I nodded and said of course I would. After all, it was obviously impossible for me to mess up a second time.
And then the photographer said, “Write your name here.” He gestured to the mechanical-signature-signing-like-grocery-stores-have-machine. I approached it confidently. I picked up the pen-but-not-really-a-pen. And I put it onto the screen, and attempted to sign my name legibly and gracefully. As I finished my first name, I smiled to myself.
No more catching Julia Eppes off guard, I thought. No more deception. I was going to do everything right: pass my drivers test right, write my name right, and drive right until I die right.

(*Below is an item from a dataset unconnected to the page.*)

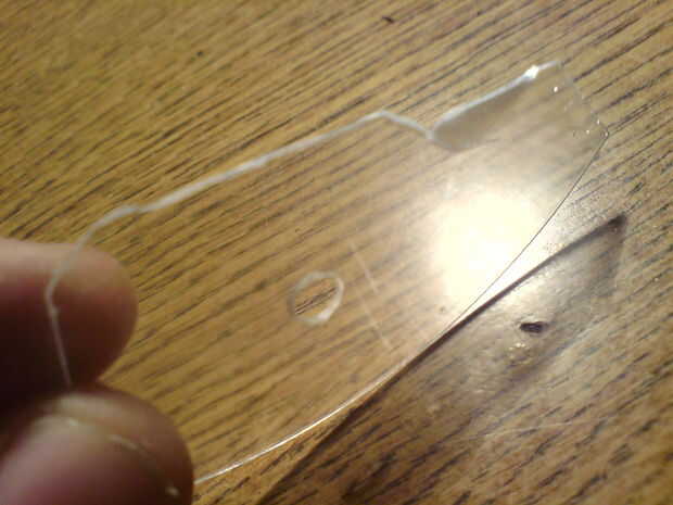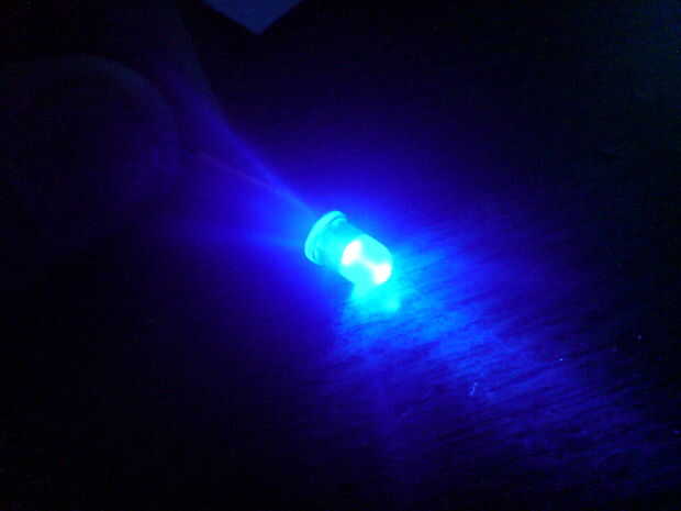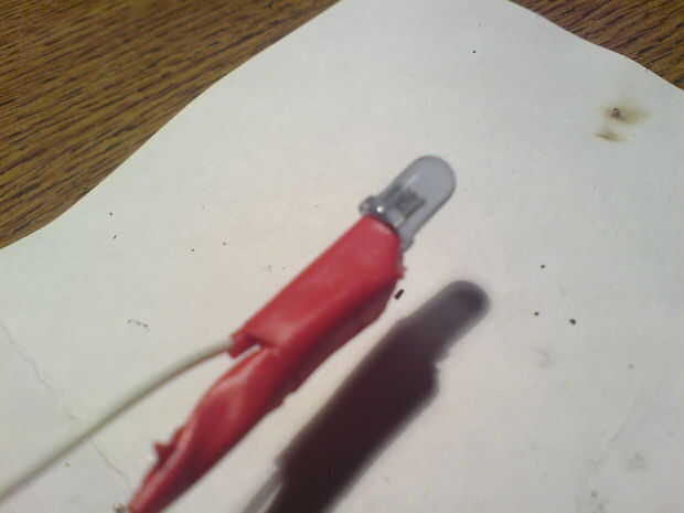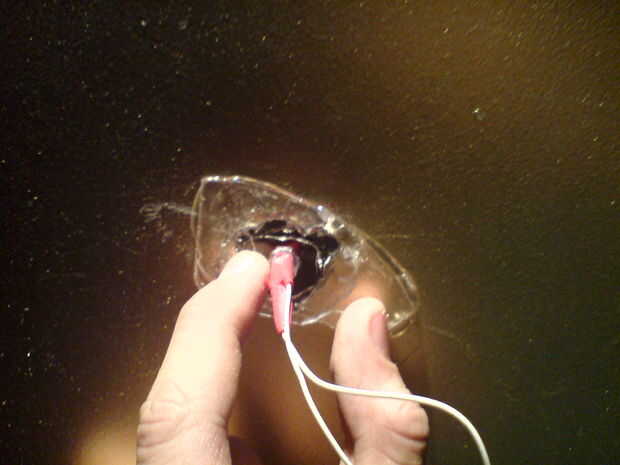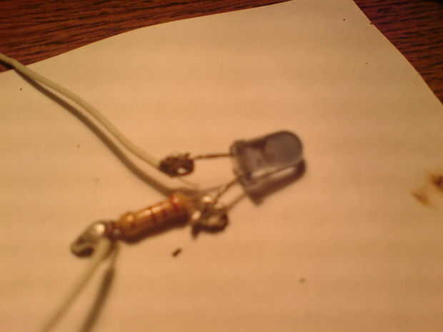 En primer lugar, usted sabe que, supongo, ressistor al negative(shorter) de cable de LED de la soldadura. Después, soldar dos cables más. Luego, tak un plástico y perfore un orificio de 5mm... Pegamento caliente que en lata, en medio del agujero.

I put down the pen and scribbled my last name. Everything was going smoothly; it was indeed far more legible than my previous attempt. I was pleased until I reached the very end of my simple, five-letter last name. When I finished my name, I froze in disbelief. The realization hit me that I had written a second “s” at the end of my name.
It read “Julia Eppess.” The singular misplaced “s” multiplied rampantly before my eyes. Julia Eppessss. Julia Eppessssssss. Like some sort of serpent was saying my name, tongue flicking between its teeth. Sssss. Julia Eppessssssssssss.

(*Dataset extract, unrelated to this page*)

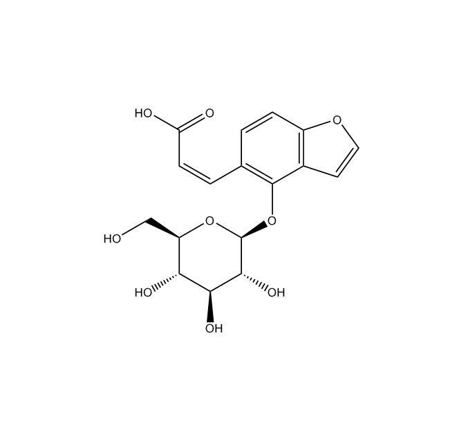 【英文別稱】 2-Propenoic acid, 3-[4-(β-D-glucopyranosyloxy)-5-benzofuranyl]-, (2Z)-
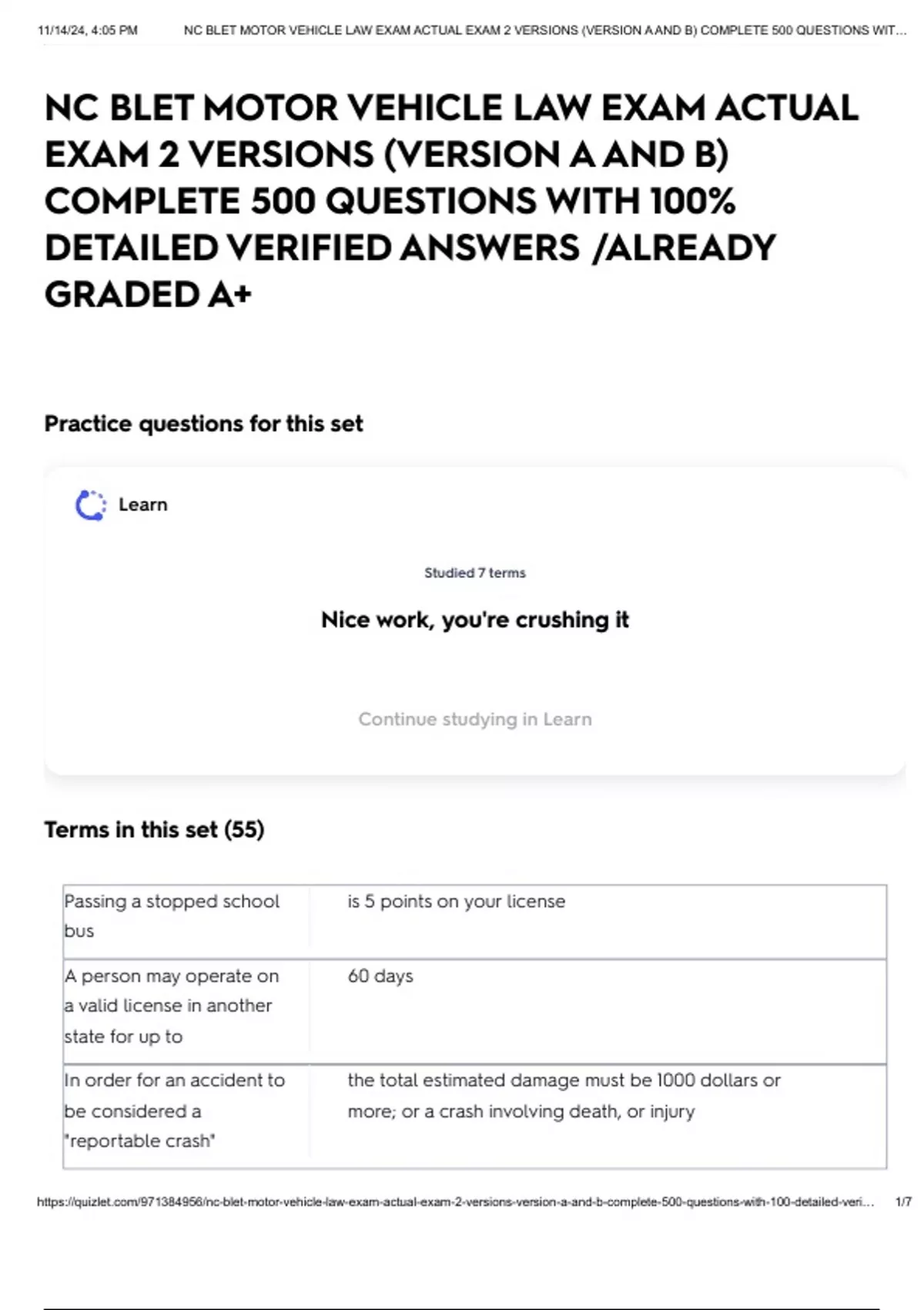 https://quizlet.com/971384956/nc-blet-motor-vehicle-law-exam-actual-exam-2-versions-version-a-and-b-complete-500-questions-with-100-detailed-veri… 1/7

Before I could object, the signature disappeared from the screen and the man told me to stand in from of the blue screen and look at the blue dot and smile. I felt incredibly foolish. How could I manage to misspell my own name in the first place? Secondly, I realized my name was going to be misspelled on my driver’s license until I get a new one in 2013. And a third, more disturbing idea came to mind: Could there be possible repercussions to having a differently spelled name in comparison to the printed name on the license?
My mind flashed to a hypothetical situation: being pulled over by a police officer, (for a hypothetically small offense such as going 30 miles per hour in a 25 zone, which actually knocked me down a few points on my driver’s test) and him taking one hypothetical look at my driver’s license. “Why is it spelled differently?” he would ask, hypothetically. “Good sir,” I would graciously reply, hypothetically, “I accidently spelled it incorrectly.” He would be hypothetically skeptical, and proceed to take me to the hypothetical “big house.”
And I would hypothetically go down in history as the kid who hypothetically (hysterically) spelled her own last name wrong.